## Provided records:
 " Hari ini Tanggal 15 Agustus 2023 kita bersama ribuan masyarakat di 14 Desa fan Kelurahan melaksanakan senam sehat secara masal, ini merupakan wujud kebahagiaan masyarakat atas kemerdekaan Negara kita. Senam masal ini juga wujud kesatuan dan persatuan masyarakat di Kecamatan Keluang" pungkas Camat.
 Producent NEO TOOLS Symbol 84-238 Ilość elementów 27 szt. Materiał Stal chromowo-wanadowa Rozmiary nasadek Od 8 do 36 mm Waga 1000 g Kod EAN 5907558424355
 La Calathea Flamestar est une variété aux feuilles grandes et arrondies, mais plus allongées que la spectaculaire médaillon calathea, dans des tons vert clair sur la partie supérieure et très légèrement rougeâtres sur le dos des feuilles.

---

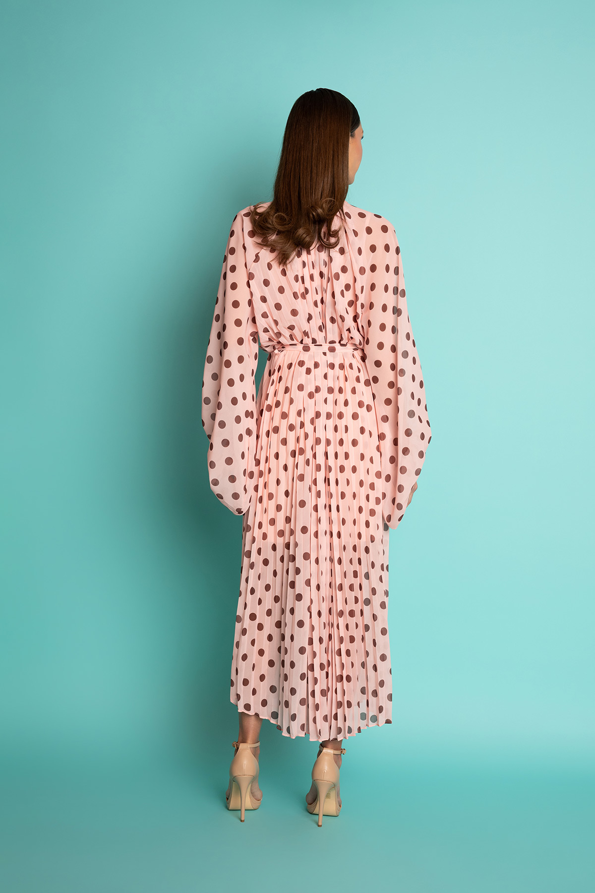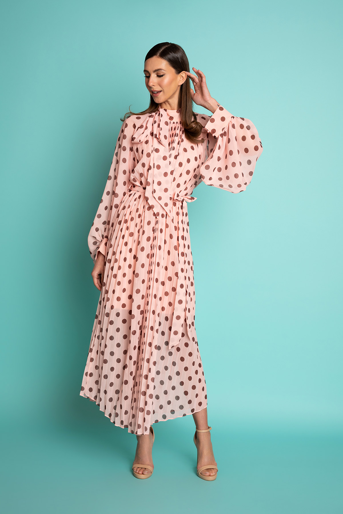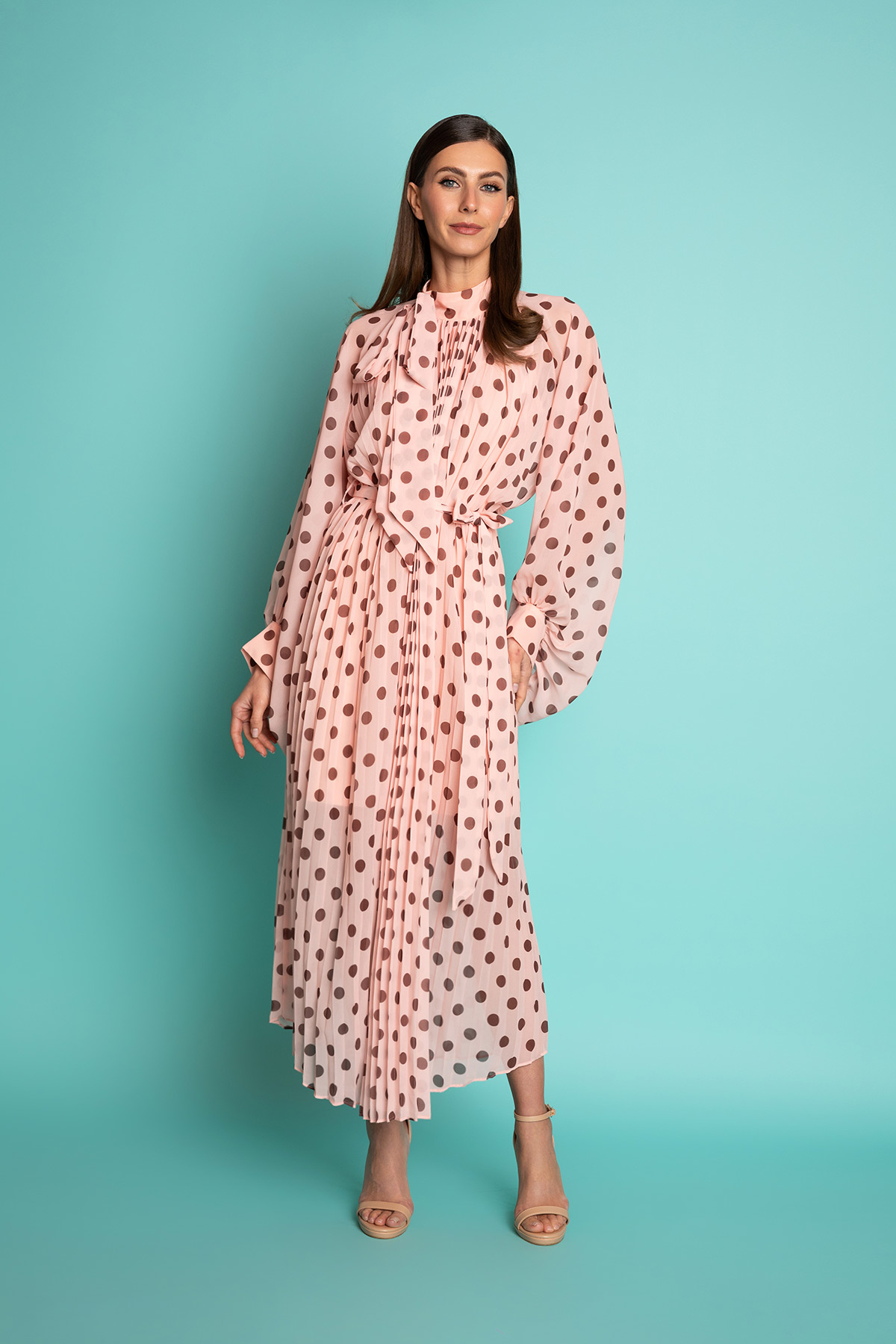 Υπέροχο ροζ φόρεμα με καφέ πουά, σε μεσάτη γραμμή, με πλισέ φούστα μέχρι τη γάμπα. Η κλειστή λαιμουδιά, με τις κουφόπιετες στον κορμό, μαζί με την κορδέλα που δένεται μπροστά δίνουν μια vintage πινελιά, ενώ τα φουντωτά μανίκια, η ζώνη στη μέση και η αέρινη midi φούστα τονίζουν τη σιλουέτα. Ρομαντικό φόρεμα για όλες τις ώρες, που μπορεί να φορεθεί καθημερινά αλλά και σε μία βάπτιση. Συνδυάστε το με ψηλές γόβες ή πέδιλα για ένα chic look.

## Directions:
Reprint exactly the lines above that start at the one with "Hari ini Tanggal" and end at the one with "La Calathea Flamestar", keeping both and adding none.

## Your solution:
 " Hari ini Tanggal 15 Agustus 2023 kita bersama ribuan masyarakat di 14 Desa fan Kelurahan melaksanakan senam sehat secara masal, ini merupakan wujud kebahagiaan masyarakat atas kemerdekaan Negara kita. Senam masal ini juga wujud kesatuan dan persatuan masyarakat di Kecamatan Keluang" pungkas Camat.
 Producent NEO TOOLS Symbol 84-238 Ilość elementów 27 szt. Materiał Stal chromowo-wanadowa Rozmiary nasadek Od 8 do 36 mm Waga 1000 g Kod EAN 5907558424355
 La Calathea Flamestar est une variété aux feuilles grandes et arrondies, mais plus allongées que la spectaculaire médaillon calathea, dans des tons vert clair sur la partie supérieure et très légèrement rougeâtres sur le dos des feuilles.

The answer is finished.